With [cargo add](https://github.com/killercup/cargo-edit#Installation) installed :

For surf:

```sh
cargo add okta-jwt-verifier --features cache-surf
```

For reqwest:

```sh
cargo add okta-jwt-verifier --no-default-features --features client-reqwest,cache-reqwest
```

### Tide Middleware

This example implements the basic usage example as tide middleware.

  ```sh
  ISSUER="https://your.domain/oauth2/default" cargo run --example tide_middleware_basic
  ```

## Features

The following features are available. By default `client-surf` is enabled.

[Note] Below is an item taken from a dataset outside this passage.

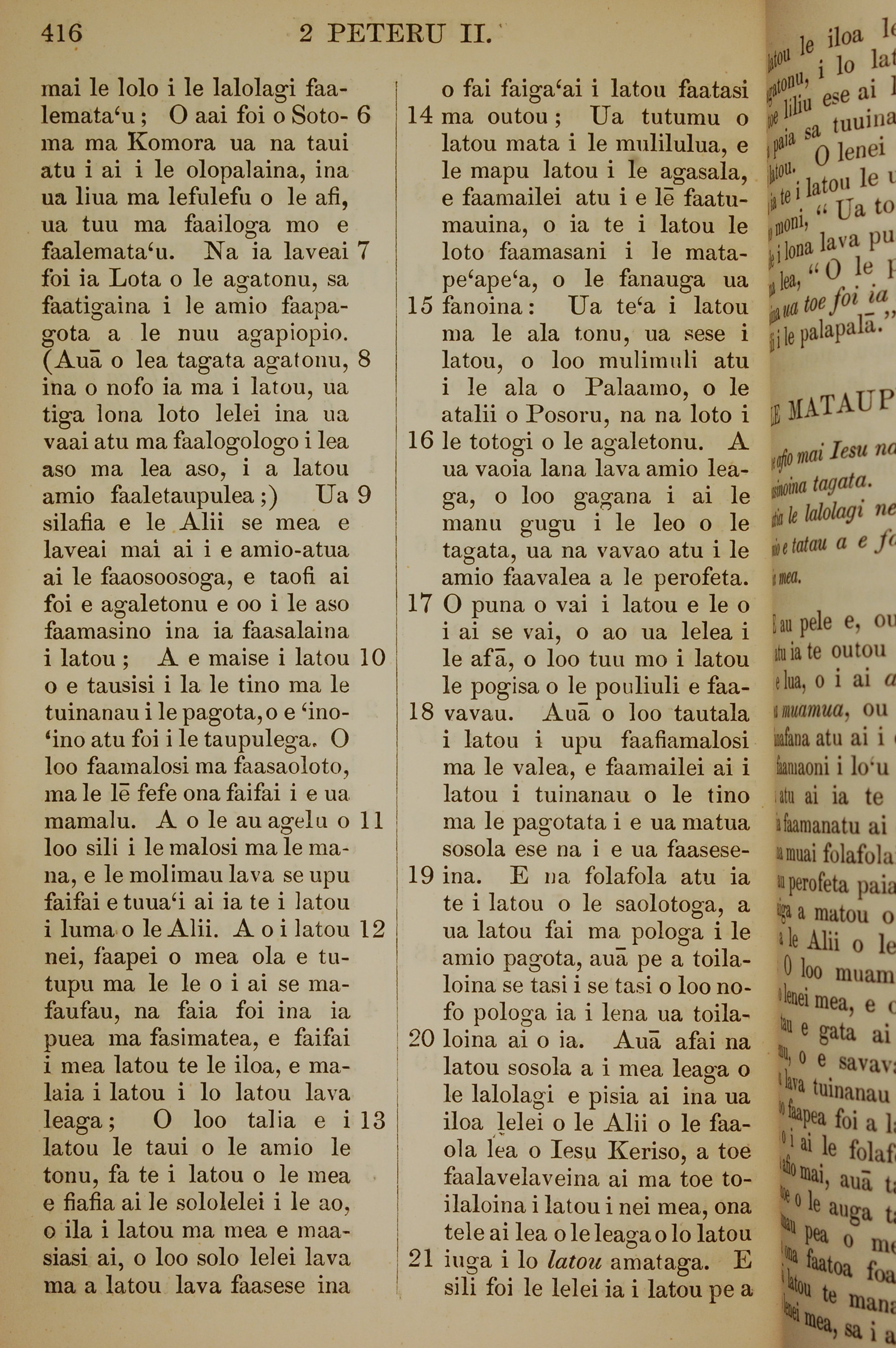 1849年萨摩亚语新约全书 彼得后书 2 章 6 节到 2 章 21 节

- `client-surf` feature that enables the `surf` client for remote requests. This is enabled by default.
- `cache-surf` feature that enables cache on disk to store keys when using the `surf` client (respects cache-control). This is disabled by default.
- `client-reqwest` feature that enables the `reqwest` client for remote requests. This is disabled by default.
- `cache-reqwest` feature that enables cache on disk to store keys when using the `reqwest` client (respects cache-control). This is disabled by default.

## Documentation

- [API Docs](https://docs.rs/okta-jwt-verifier)

## License

Licensed under either of

- Apache License, Version 2.0
   ([LICENSE-APACHE](LICENSE-APACHE) or <http://www.apache.org/licenses/LICENSE-2.0>)
- MIT license
   ([LICENSE-MIT](LICENSE-MIT) or <http://opensource.org/licenses/MIT>)

at your option.

## Contribution

Unless you explicitly state otherwise, any contribution intentionally submitted
for inclusion in the work by you, as defined in the Apache-2.0 license, shall be
dual licensed as above, without any additional terms or conditions.